Illustration for Excel BI - Excel Challenge 683

Challenge Description

🔰 Find the value corresponding to numbers given in column N from the grid given of left hand side. First digit of number is in column B, second digit of number is in row 2, 3rd digit in column B, 4th digit in row 2 and this keeps repeating. Hence, you need to find the number for last 2 digits only.
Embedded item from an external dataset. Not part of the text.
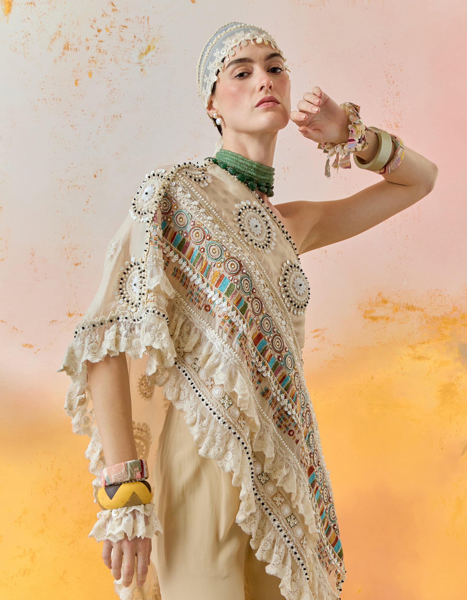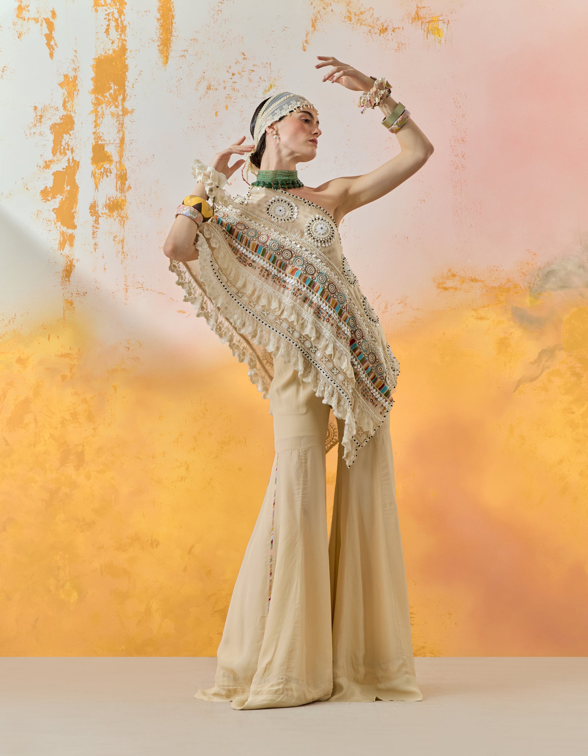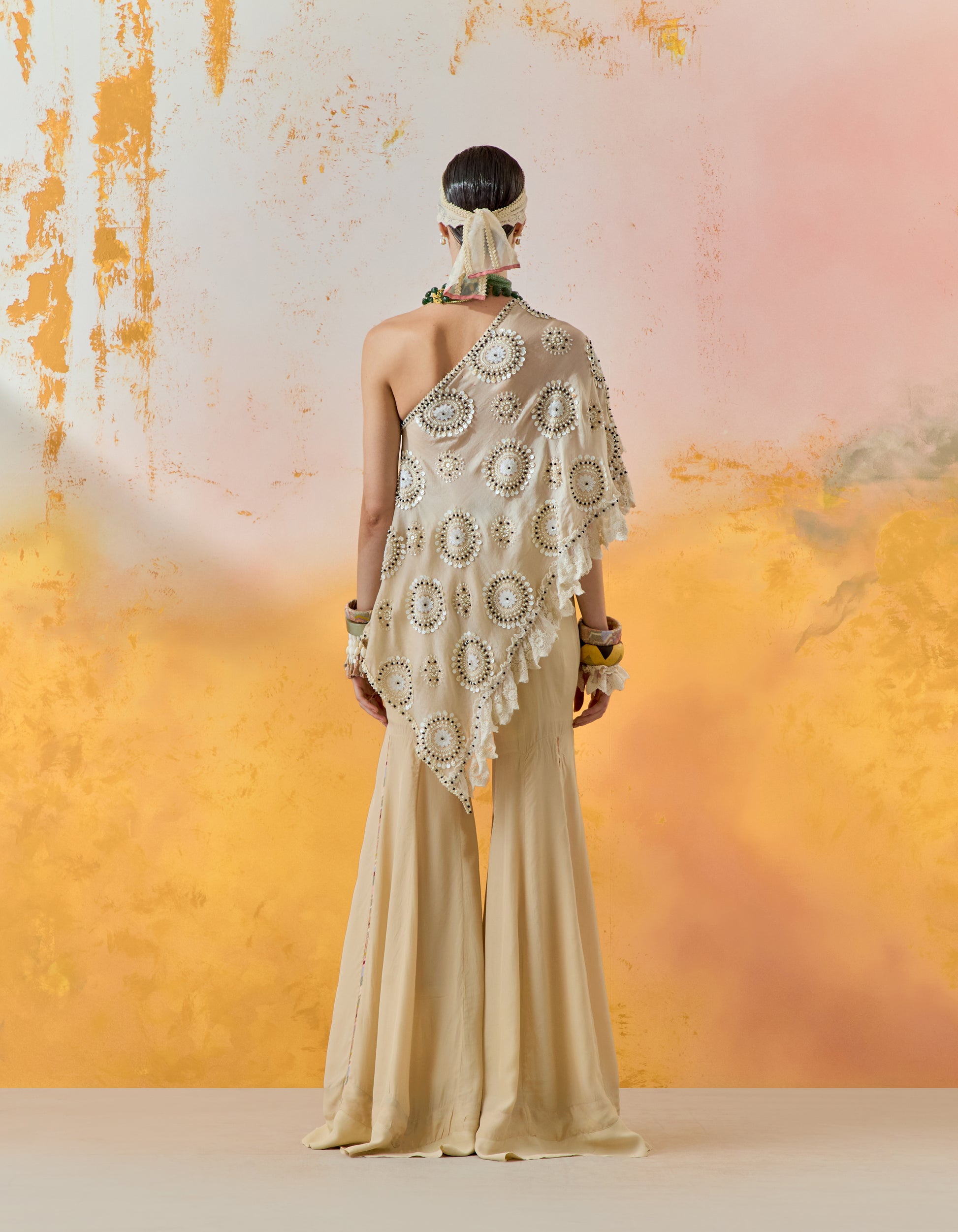 One-shoulder heavily laced and embroidered top paired with solid-coloUred sharara trousers. Features intricate Resham thread embroidery, cowri shells, M.O.P. bead, and tassel detailing. Easy-fit top styled with elasticated waist trousers for added comfort and elegance.

Second last digit can be a row or column and last digit can be column or row.

Solutions

library(tidyverse)
library(readxl)

path = "Excel/683 Find Numbers in a Grid.xlsx"
input1 = read_excel(path, range = "C3:L12", col_names = FALSE) %>% as.matrix()
input2 = read_excel(path, range = "N2:N12")
test  = read_excel(path, range = "O2:O12") %>% mutate(Value = as.numeric(Value))

result = input2 %>%
  mutate(
    num = as.character(Number),
    n = nchar(num), 
    mod = n %% 2,
    row = as.numeric(ifelse(mod == 0, str_sub(num, n-1, n-1), str_sub(num, n, n)))+1,
    col = as.numeric(ifelse(mod == 0, str_sub(num, n, n), str_sub(num, n-1, n-1)))+1) %>%
  mutate(value =map2_dbl(row, col, ~input1[.x, .y])) %>%
  select(value)

all.equal(result, test, check.attributes = FALSE)

# [1] TRUE
  • Logic: Read the workbook ranges needed for the challenge; Derive the required intermediate columns; Apply the business rule conditions explicitly.
  • Strengths: The code maps the workbook rule into a compact, reproducible pipeline.
  • Areas for Improvement: The solution assumes the workbook layout and selected ranges remain stable, so any structural change in the sheet would require small adjustments.
  • Gem: The elegant part is how little code is needed once the correct intermediate representation is chosen.
import pandas as pd
import numpy as np

path = "683 Find Numbers in a Grid.xlsx"
input1 = pd.read_excel(path,  usecols="C:L", skiprows=2, nrows=10, header=None).values
input2 = pd.read_excel(path, usecols="N", skiprows=1, nrows=11)
test = pd.read_excel(path, usecols="O", skiprows=1, nrows=11).assign(Value=lambda df: pd.to_numeric(df.iloc[:, 0]))

result = input2.assign(
    num=lambda df: df.iloc[:, 0].astype(str),
    n=lambda df: df['num'].str.len(),
    mod=lambda df: df['n'] % 2,
    row=lambda df: np.where(df['mod'] == 0, df['num'].str[-2:-1], df['num'].str[-1:]).astype(int) + 1,
    col=lambda df: np.where(df['mod'] == 0, df['num'].str[-1:], df['num'].str[-2:-1]).astype(int) + 1
).assign(
    Value=lambda df: [input1[row-1, col-1] for row, col in zip(df['row'], df['col'])]
).loc[:, ['Value']]

print(result.equals(test))

The Python version keeps the algorithm explicit, which helps when the challenge depends on a greedy or iterative rule.

Difficulty Level

Easy / Medium

The business rule is clear, though the workbook still needs a few transformation steps to reach the expected output.